Exercise details >> All that is wanted is the exact lines from the first line of the data below through the line with "50 Pack Paper", both ends included, with pictures omitted.
++++ Data supplied
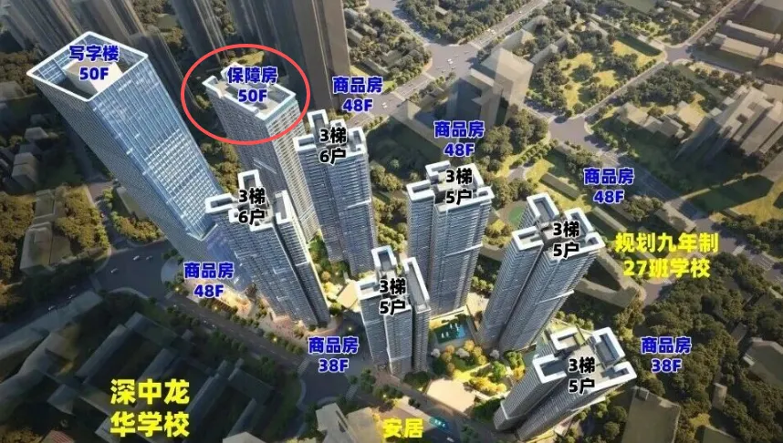 小区内部就配建了一所 12班制的幼儿园,孩子三四岁时,每天走下楼就能上学,家长不用早起远送。而在项目周边,已经有深圳中学龙华学校等多所公办及民办学校,覆盖小学、初中乃至高中。
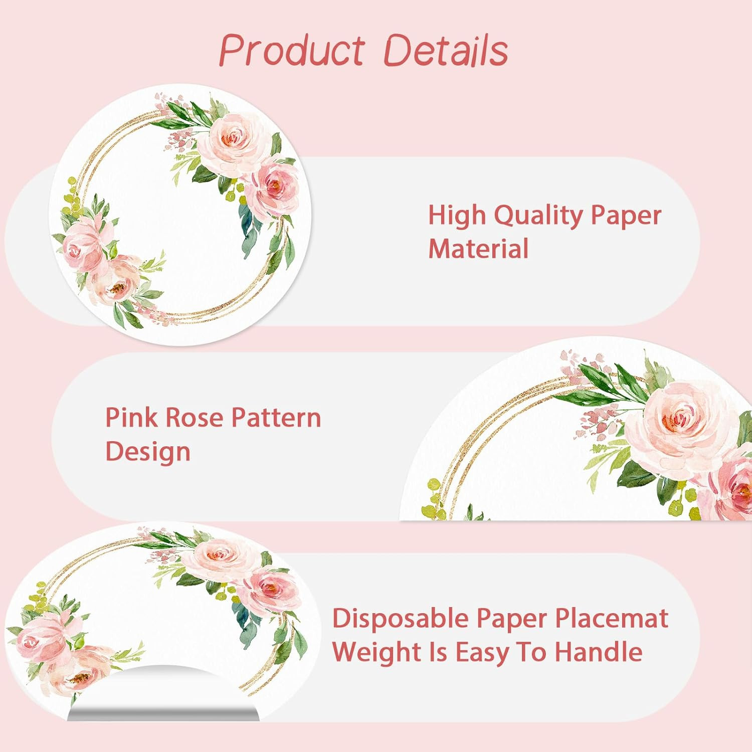 50 Pack Paper Placemats Disposable Pink Floral Wedding Disposable Placemats 1...
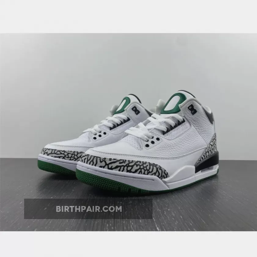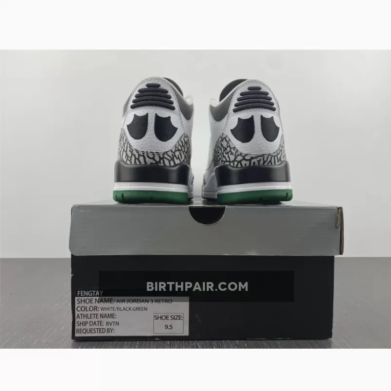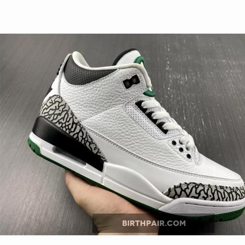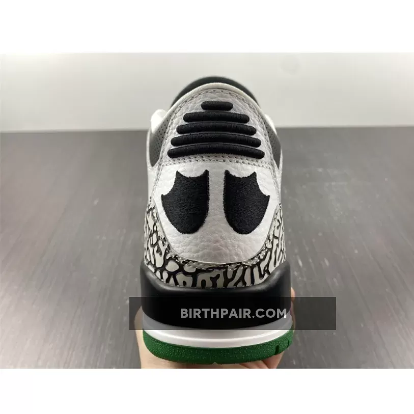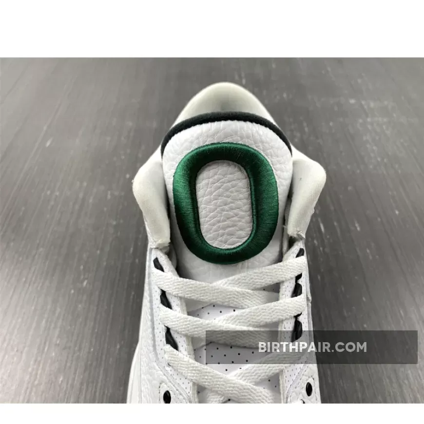 After a detailed look at the Oregon “Pit Crew” Air Jordan 3 over the weekend, here’s a closer look at the Oregon “Home” colorway. Inspired by the original “Cement” colorway, the shoe features a white tumbled leather base, accented by grey elephant print overlay rands wrapped around the toebox and heel. Contrasting black hits are used for the laces eyelets, “O” embroidery, tongue padding, collar, duck feet embroidery on the heel and rear portion of the midsole. The remainder of the midsole is done in white, while a dark green outsole finishes off the look below. These were limited to students, athletes, staff and select alumni.
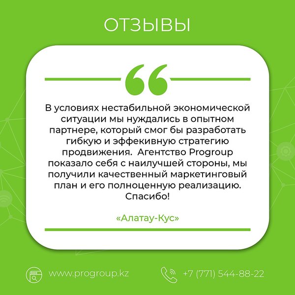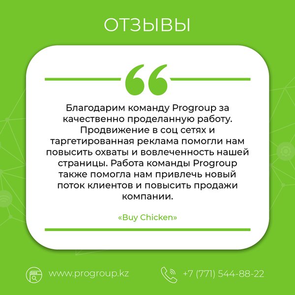 Отзыв: Птицефабрика «Алатау-құс» Благодарим за высокую оценку нашей работы! ⠀ ️ ️ Алматы, ул. Айманова, 220 progroup.kz
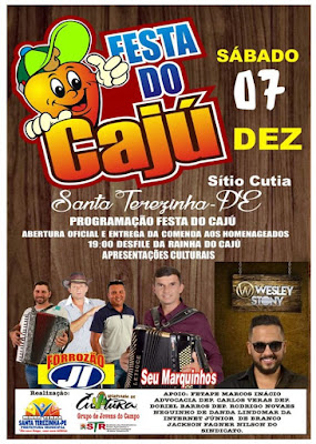 Neste sábado (7) a comunidade rural de Santa Terezinha juntamente com a prefeitura promovem a Festa do Caju no sítio Cutia. Este ano teremos o desfile da rainha do caju, apresentações culturais e shows com Cícero Tobias e Forrozão JI, Aquela Mina, Wesley Stone e o forró de qualidade de Seu Marquinhos. A festa do Caju faz parte do calendário de eventos tradicionais de Santa Terezinha, nessa época do ano em que os cajueiros estão safrejando.
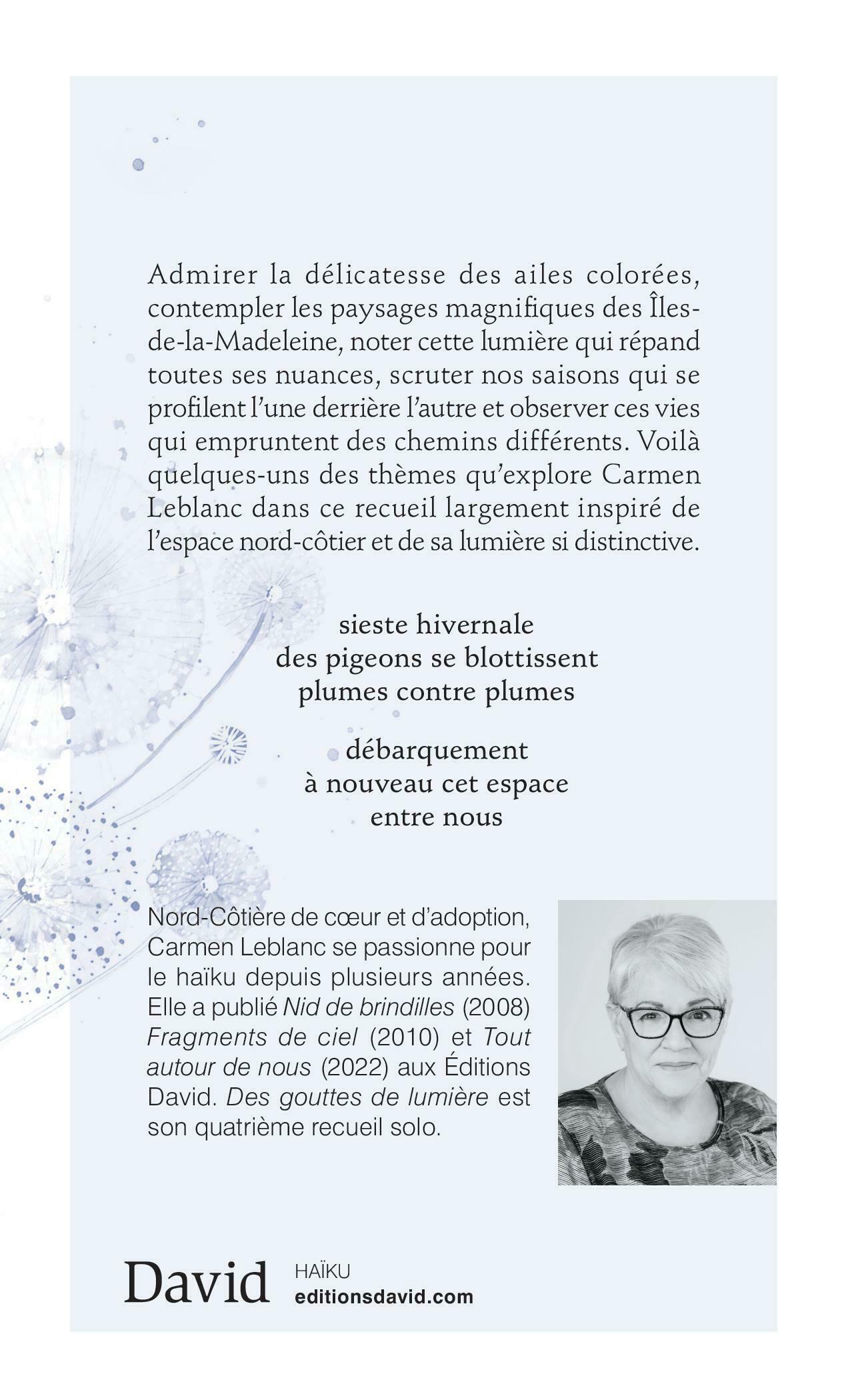 Admirer la délicatesse des ailes colorées, contempler les paysages magnifiques des Îles de-la-Madeleine, noter cette lumière qui répand toutes ses nuances, scruter nos saisons qui se profilent l’une derrière l’autre et observer ces vies qui empruntent des chemins différents. Voilà quelques-uns des thèmes qu’explore Carmen Leblanc dans ce recueil largement inspiré de l’espace nord-côtier et de sa lumière si distinctive.sieste hivernaledes pigeons se blottissentplumes contre plumesdébarquementà nouveau cet espaceentre nousNord-Côtière de coeur et d’adoption, Carmen Leblanc se passionne pour le haïku depuis plusieurs années. Elle a publié Nid de brindilles (2008) Fragments de ciel (2010) et Tout autour de nous (2022) aux Éditions David. Des gouttes de lumière est son quatrième recueil solo.
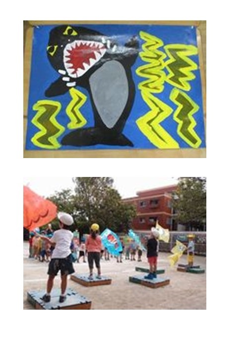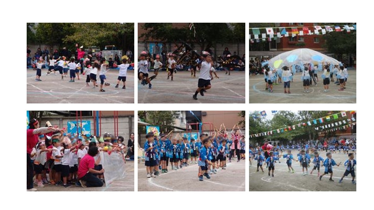 台風の影響で延期になり、平日の開催になりましたが、無事に終えることができました。今年のテーマは“海のオリンピック”です。たくさんの方の見ている中で、緊張しながらも、いつも通りにのびのびと表現し、楽しんでいました。
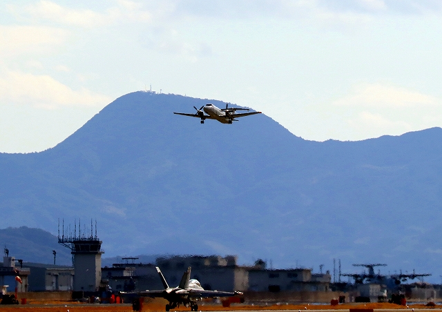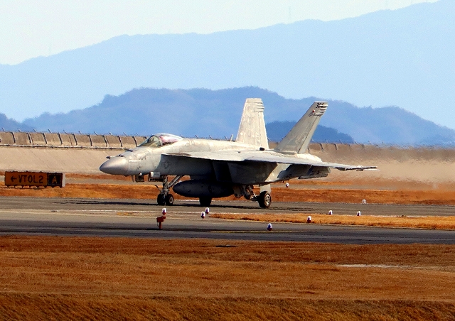 米海軍艦載機 F/A-18E スーパーホーネット 戦闘攻撃機(岩国基地)、NF、306番機が着陸 13時14分に離陸した機。47分間の飛行でした。 |
++++++++
Exercise response >>
 小区内部就配建了一所 12班制的幼儿园,孩子三四岁时,每天走下楼就能上学,家长不用早起远送。而在项目周边,已经有深圳中学龙华学校等多所公办及民办学校,覆盖小学、初中乃至高中。
 50 Pack Paper Placemats Disposable Pink Floral Wedding Disposable Placemats 1...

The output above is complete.